By contrast, the relative contribution of tank emissions (which are parsed into CHOPS – cold heavy oil production with sand – and non-CHOPS activities in Fig. 3b) appear to be underestimated by a factor of approximately 8.4× (26.3% vs. 3.1%) in the official inventory. Even if all reported venting in the NIR breakdown were attributed to tanks, absolute tank emissions of 352 kt/y in the present measurement-based inventory would still be underestimated by one half. This discrepancy is consistent with the fact that reported tank venting in Alberta is generally not measured and instead is most often based on engineering estimates and models of flashing losses from infrequently measured or modelled gas in solution (GIS)31. Indeed, Rutherford38 suggested that underestimation of unintentional venting from tanks is one of the biggest reasons for discrepancies between the official inventory and measurements in the U.S. On a positive note, total CHOPS-related emissions from tanks, wellheads, and engine sheds are markedly lower than parallel measurements in the neighbouring province of Saskatchewan32. Ground studies could help identify particular reasons for this discrepancy, however the primary reason is surely the eighteen times lower regulated venting limits for heavy oil facilities in Alberta versus Saskatchewan15,39.

The ECCC inventory does not include a specific category for unlit flares (50 kt/y in the present inventory) but does estimate flare-related methane emissions based on total reported flare volumes in Petrinex, assuming a location-dependent methane content for flared gas and a 98% combustion efficiency35. Notwithstanding the potential inaccuracy of a 98% combustion efficiency for flares of complicated gas compositions in potentially turbulent crosswinds (see, for example, refs. 40,41,42), this inherently assumes flares are always lit. Consistent with recent studies18,28,43,44,45, the present source-level aerial measurements detected multiple unlit flares but only rarely detected methane from lit flares. Overall, methane emissions from unlit flares were >40× that of detected inefficient lit flares in the present study. As a thought experiment, combining flare volumes reported to Petrinex in 2021 (1.15 billion m3) and an assumed methane content of flared gas were 85.2% by volume20, an effective flare efficiency of approximately 92% would be required to match the measured total methane from lit and unlit flares in the present survey; this is consistent with recently estimated average effective flare efficiencies of 91.1% (95% CI: 90.2–91.8%) in three U.S. basins46. More importantly, although unlit flares are just 3.7% of the present measurement-based inventory, they represent a mitigation potential of approximately 50 kt/y of methane that in principle should be one of the easiest and lowest cost sources to mitigate. However, given that at least 65% of the inventory contribution from unlit flares is from single-well facilities and well sites that are unlikely to be crewed, this mitigation is unlikely to be achieved without a commitment to ongoing monitoring and verification.

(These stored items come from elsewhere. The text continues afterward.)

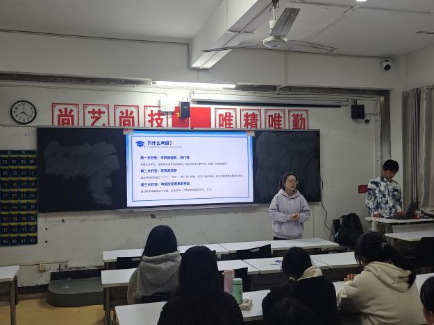 分享会上,方文倩老师首先结合当前就业市场竞争态势,点明考研深造的核心价值:在数据科学领域快速发展的当下,研究生学历既是专业能力的深度升级,更是拓宽职业赛道、提升核心竞争力的关键抓手,能帮助学子接触前沿学术成果与技术应用,为长远职业发展筑牢根基,呼应了我校“强内核、建图表”的就业赋能理念。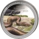 Die farbige Motivseite dieser Silbermünze zeigt die Titanoboa. Die Titanoboa war eine Boa-Art, die schon seit einer langen Zeit ausgestorben ist. Mit einer Länge von ungefähr 14 Metern ist sie die wohl größte Schlange aller Zeiten. In der Epoche „Paläozän“, also zwischen 60 Millionen und 58 Millionen Jahren vor Christus, war der Kontinent Südamerika ihr Zuhause. Besonders der Amazonas, des die Titanoboa war eine erstklassige Schwimmerin. Auch an den Ufern des Amazonas machte sie es sich gemütlich. Aufgrund ihrer einschüchternden Größe soll sie sich unter anderem auch von Krokodilen und Schildkröten ernährt haben. Deshalb ist im Hintergrund des Münzmotivs auch ein Krokodil zu sehen. Ihre Größte ist auch der Grund, warum ihr der Name „Titanoboa“ gegeben wurden, denn die Übersetzung des Namens lautet „riesige Boa“. Giftig war die Boa-Art allerdings nicht. Die Titanoboa war eine Würgeschlange. Die riesige Schlangenart Anakonda stammt von der Titanoboa ab.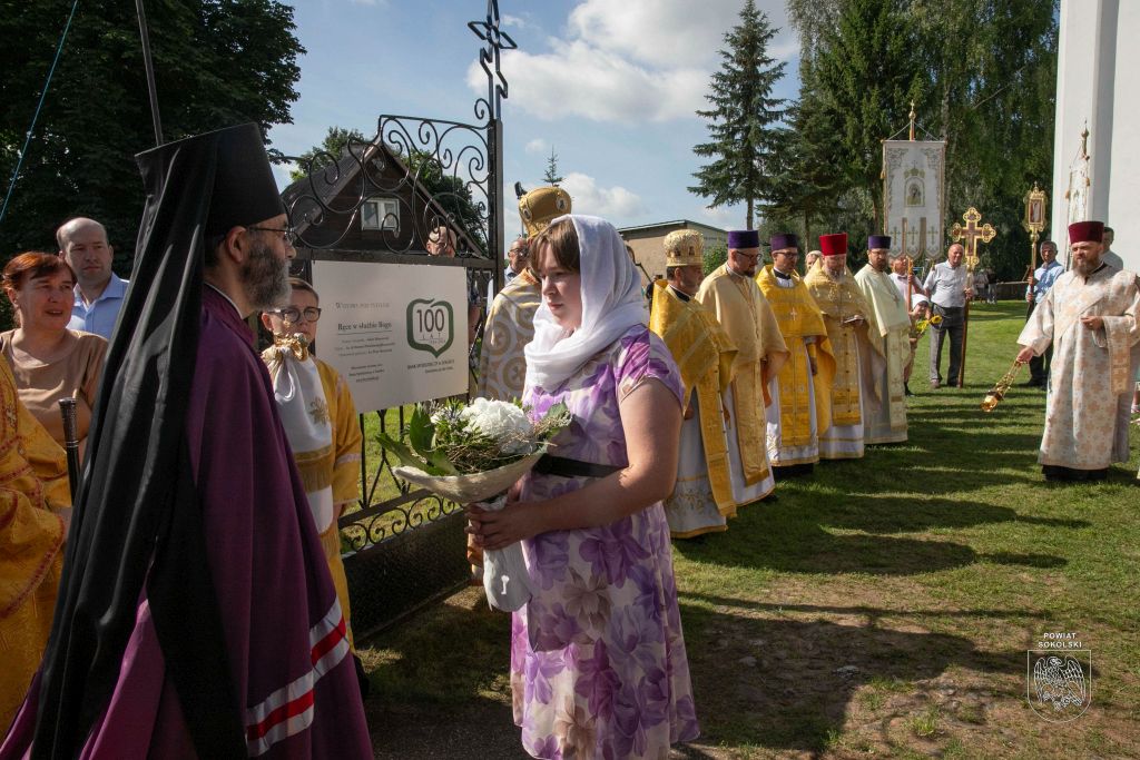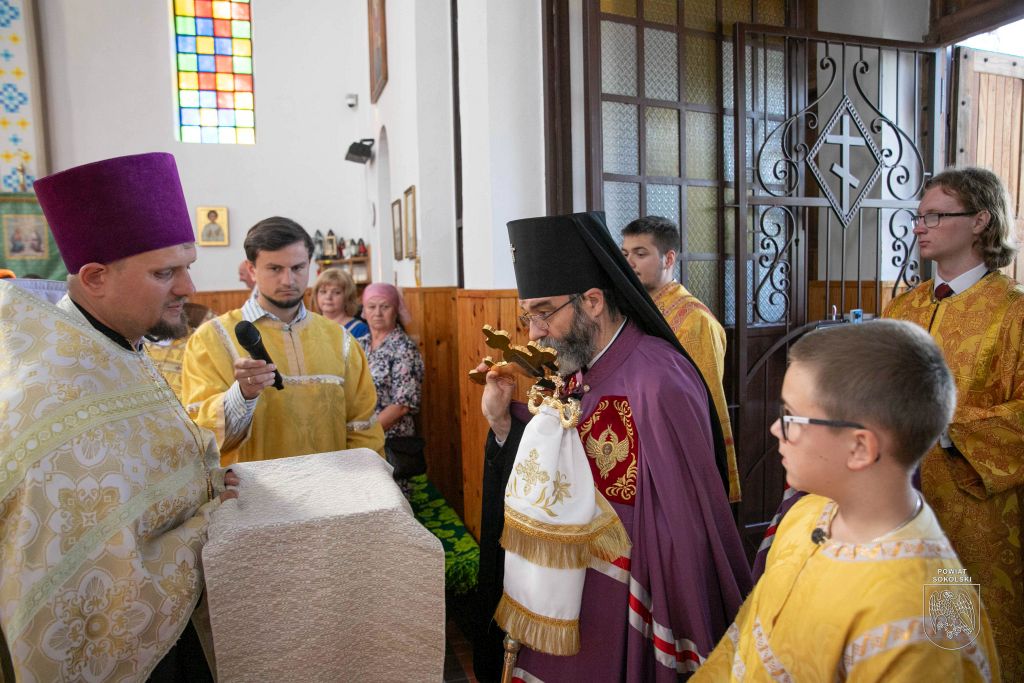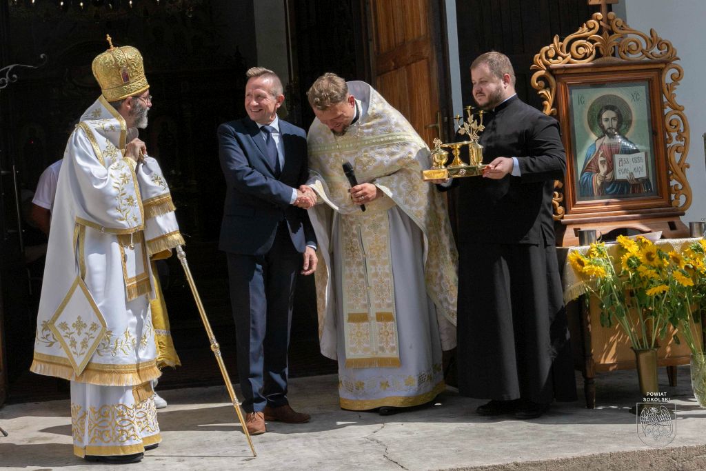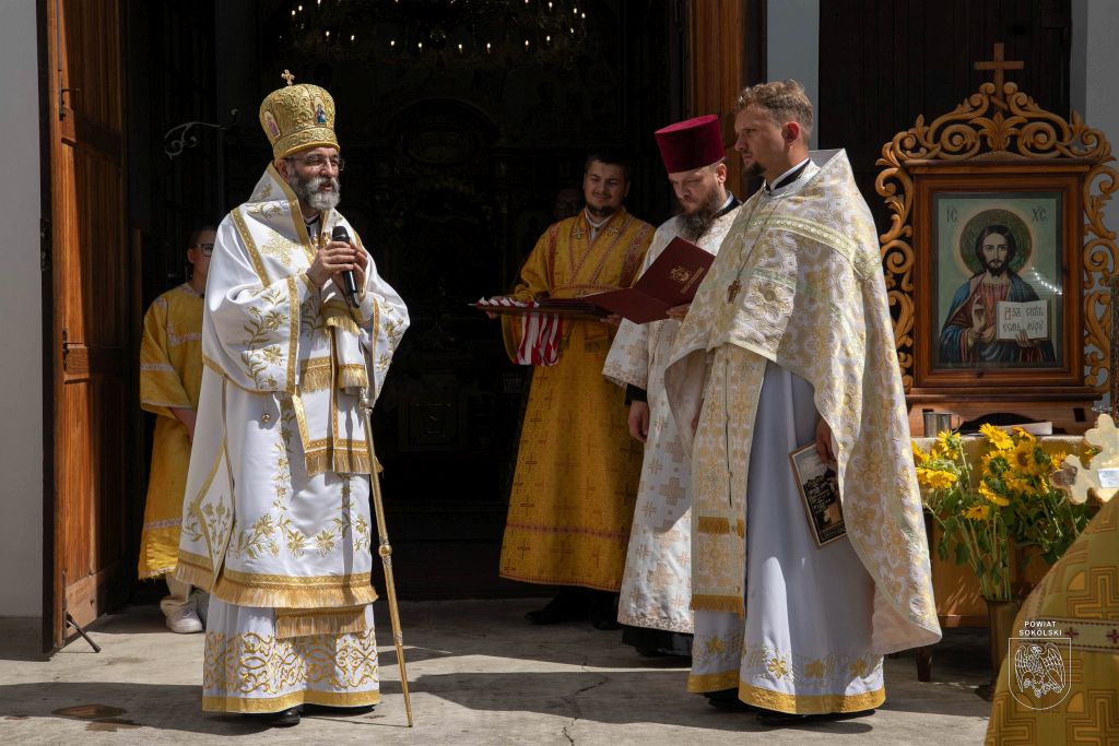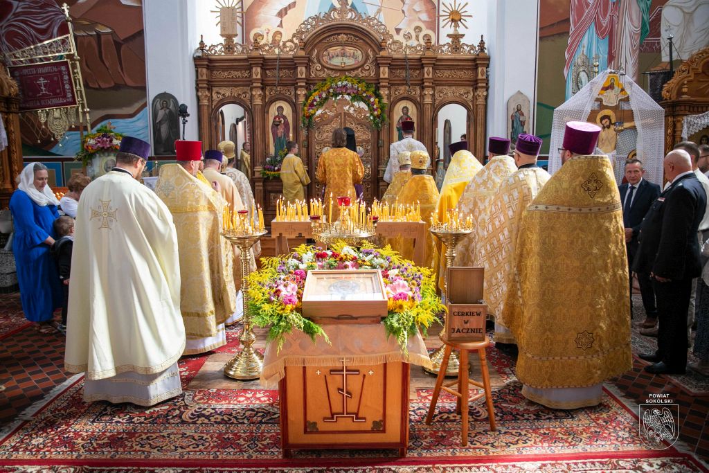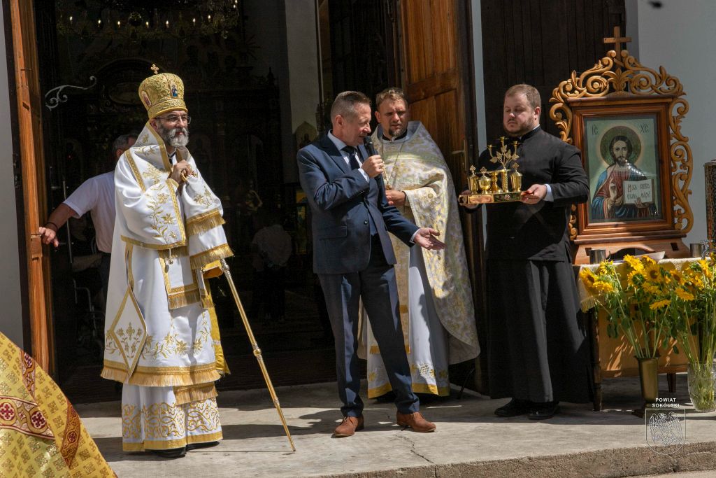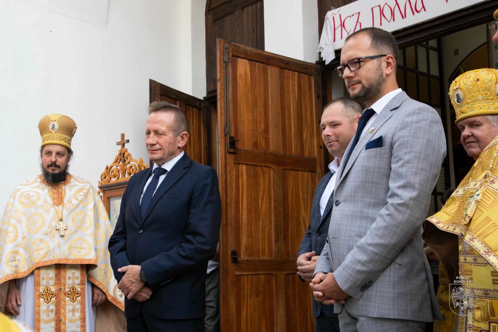Proboszcz zaznaczył także, że dzięki wsparciu Powiatu Sokólskiego udało się zorganizować transmisję Liturgii na zewnątrz. Osoby stojące przed cerkwią mogły dzięki telebimowi uczestniczyć w uroczystościach.

The large (20%) contribution of emissions associated with separators in the present inventory was somewhat unexpected, although these sources were recently found to emit 9% of methane emissions in neighboring BC20. Ground investigations in BC28 suggested that separator-related emissions may represent a combination of possible sources including abnormally operating pneumatic instruments and/or pumps, methane slip in catalytic heaters, and failing/emitting pressure relief valves and regulators. At crude oil wells and batteries specifically (responsible for just under one-half of aerially detected separator emissions), it is possible that emitted methane may also include intentional venting of associated gas in place of other techniques like capturing co-produced gas or combustion. Further ground analyses of separator emissions in Alberta would be helpful to discern the root causes of these aerially detected emissions and associated opportunities for mitigation.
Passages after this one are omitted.